Iraqi girls wave during a ride at the Zawra amusement park in Baghdad on Eid al-Fitr holiday on Sept 13 (AFP)
US, Iraq dispute AI report on abuse Thousands held without trial BAGHDAD, Sept 13, (AFP): Iraq and the US military both disputed claims made by Amnesty International on Monday of torture and ill treatment in Iraqi prisons, saying the country’s jails abided by international standards.
The London-based human rights group had said in a report that tens of thousands of detainees were being held in Iraqi prisons without trial, and faced torture and mistreatment.
It also accused US forces of “abdicating any responsibility for their (detainees’) human rights” by handing over those in their custody without any guarantees against torture or other forms of poor treatment.
“All of the people arrested or held in our prisons are held according to arrest warrants and accusations against them,” Deputy Justice Minister Busho Ibrahim told AFP.
“There is no torture at all, and this international report is not true and it is baseless.”
Ibrahim’s remarks were referred only to prisons run by the justice ministry.
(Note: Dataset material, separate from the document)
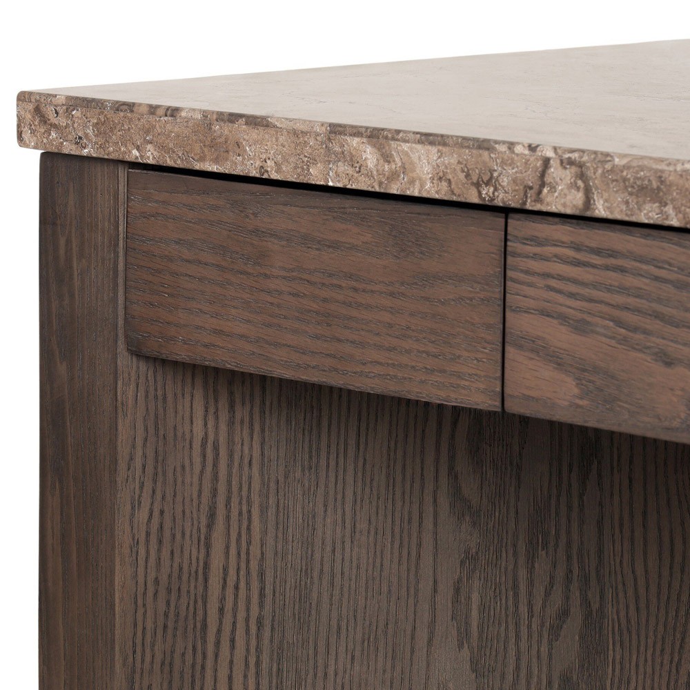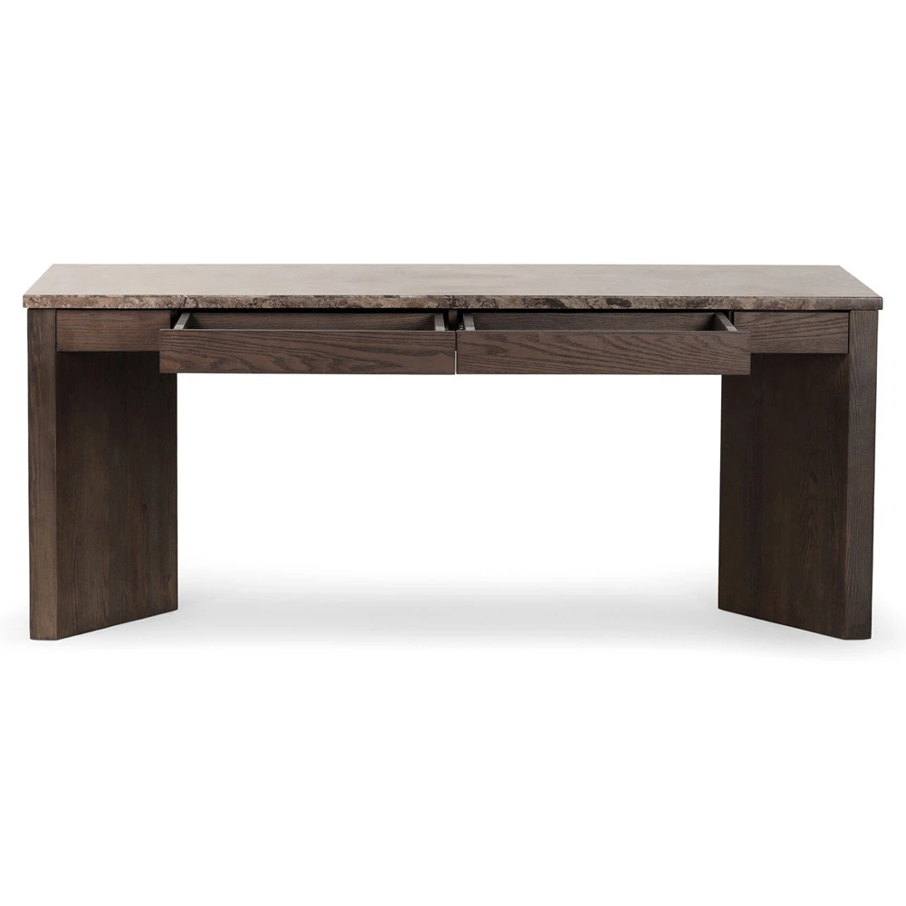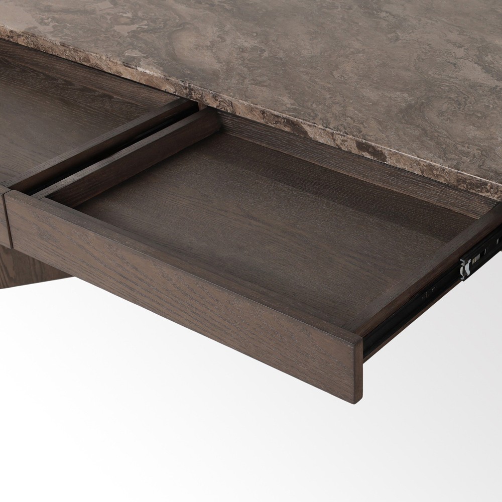 • Features a vein-rich grey marble top, angular brown oak base, and 2 pencil drawers for storage

Iraq’s fractured penal system means the ministries of interior and defence also run their own jails.
A US military spokesman, meanwhile, agreed with Ibrahim’s assessment.
“Detainees in the Iraqi judicial system are not ‘likely to face torture and ill-treatment,’” Lieutenant Colonel Bob Owen said in an email.
“The detainee facilities are inspected frequently and abide by the rule of law and international standards for detainee care and management.
“The ministry of justice is serving a valuable role here in Iraq. Detainees are fed, clothed, provided medicine and able to meet with family members. The US is not violating any international agreements in Iraq in respect to detainees.”
Amnesty had said in its report, published earlier on Monday, that an estimated 30,000 people were in Iraqi jails, and that several were known to have died in custody.
It also catalogued physical and psychological abuse against others, and said security forces in the autonomous region of Kurdistan were also at fault.
Iraq’s human rights minister and the spokesman for the Kurdistan regional government were not immediately available to comment on the report.
Amnesty’s 59-page report, entitled “New Order, Same Abuses: Unlawful detentions and torture in Iraq,” lists several men it says were subjected to torture or who died in prison.
Among them was Riad Mohammed Saleh al-Oqaibi, arrested in September 2009 and held in a detention facility in Baghdad’s heavily fortified Green Zone before being transferred to a secret detention facility in the capital.
“During interrogation, he is said to have been beaten so hard on the chest that his ribs were broken and his liver damaged,” the report said. “He died on 12 or 13 February as a result of internal bleeding.”
According to the rights group, methods of torture used have included beatings with cables and hosepipes, breaking of limbs, piercing of the body with drills and psychological torture in the form of threats of rape.
Meanwhile, Nelson Mandela was so upset over Britain invading Iraq in 2003 that he called a government minister and “virtually breathed fire” about why it was a mistake, the ex-minister revealed Monday.
Peter Hain, who was secretary of state for Wales in Tony Blair’s Labour government at the time, recounts the phone call in his new biography of the former South African president and anti-apartheid icon, who is also a personal friend.
Speaking as the book was published, the Labour lawmaker recalled that Mandela “rang me up when I was a Cabinet minister in 2003, after the invasion” of Iraq by US and British troops.
“He said: ‘A big mistake Peter, a very big mistake. It is wrong. Why is Tony doing this after all his support for Africa? This will cause huge damage internationally’.
“I had never heard Nelson Mandela so angry and frustrated.
“He clearly felt very, very strongly that the decision that the prime minister had taken — and that I as a member of the Cabinet had been party to — was fundamentally wrong and he told me it would destroy all the good things that Tony Blair and we, as a government, had done in progressive policy terms across the world.”
Hain grew up in South Africa and his parents campaigned against the apartheid regime.
“I know Nelson Mandela quite well. He was virtually breathing fire down the phone on this and feeling a sense of betrayal. It was quite striking,” he said.
The comments were made in a formal call, Hain said, adding that he relayed Mandela’s sentiments to Blair.
He also tried to defend the conflict to Mandela, and Hain said that only history would judge “whether it was the right decision”.